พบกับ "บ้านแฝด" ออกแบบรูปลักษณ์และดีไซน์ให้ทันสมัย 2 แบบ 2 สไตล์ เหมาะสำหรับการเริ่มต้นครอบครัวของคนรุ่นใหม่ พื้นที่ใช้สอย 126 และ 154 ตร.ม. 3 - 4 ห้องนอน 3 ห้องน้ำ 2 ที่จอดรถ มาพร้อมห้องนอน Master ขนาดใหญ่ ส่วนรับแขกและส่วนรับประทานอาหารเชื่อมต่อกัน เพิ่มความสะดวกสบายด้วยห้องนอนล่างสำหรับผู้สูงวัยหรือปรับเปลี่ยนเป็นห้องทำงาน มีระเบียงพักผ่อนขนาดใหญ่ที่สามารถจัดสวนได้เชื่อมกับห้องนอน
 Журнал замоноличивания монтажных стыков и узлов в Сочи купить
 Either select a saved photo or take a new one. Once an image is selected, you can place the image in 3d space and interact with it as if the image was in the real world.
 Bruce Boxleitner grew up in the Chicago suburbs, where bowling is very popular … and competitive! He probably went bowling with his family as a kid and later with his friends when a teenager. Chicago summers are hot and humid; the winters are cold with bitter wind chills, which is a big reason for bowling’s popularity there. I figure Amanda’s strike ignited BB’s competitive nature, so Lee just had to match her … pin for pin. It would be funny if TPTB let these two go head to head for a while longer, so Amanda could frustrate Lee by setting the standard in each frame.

_____

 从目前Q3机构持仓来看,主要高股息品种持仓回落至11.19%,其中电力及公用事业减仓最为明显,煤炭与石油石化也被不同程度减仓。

_____

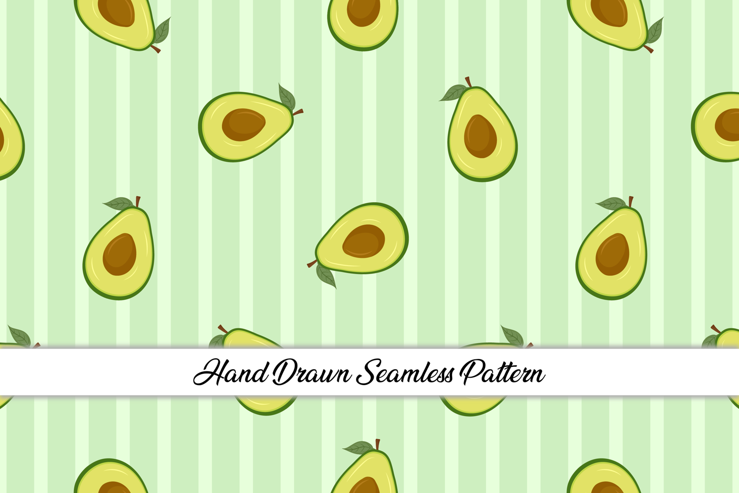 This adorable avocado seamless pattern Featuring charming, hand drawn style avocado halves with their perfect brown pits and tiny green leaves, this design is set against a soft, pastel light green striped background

_____

- Directions:
Write out exactly the lines above between the line with "ออกแบบรูปลักษณ์และดีไซน์ให้ทันสมัย 2 แบบ" and the line with "Either select a", inclusive, and nothing beyond them.

- Response box:
พบกับ "บ้านแฝด" ออกแบบรูปลักษณ์และดีไซน์ให้ทันสมัย 2 แบบ 2 สไตล์ เหมาะสำหรับการเริ่มต้นครอบครัวของคนรุ่นใหม่ พื้นที่ใช้สอย 126 และ 154 ตร.ม. 3 - 4 ห้องนอน 3 ห้องน้ำ 2 ที่จอดรถ มาพร้อมห้องนอน Master ขนาดใหญ่ ส่วนรับแขกและส่วนรับประทานอาหารเชื่อมต่อกัน เพิ่มความสะดวกสบายด้วยห้องนอนล่างสำหรับผู้สูงวัยหรือปรับเปลี่ยนเป็นห้องทำงาน มีระเบียงพักผ่อนขนาดใหญ่ที่สามารถจัดสวนได้เชื่อมกับห้องนอน
 Журнал замоноличивания монтажных стыков и узлов в Сочи купить
 Either select a saved photo or take a new one. Once an image is selected, you can place the image in 3d space and interact with it as if the image was in the real world.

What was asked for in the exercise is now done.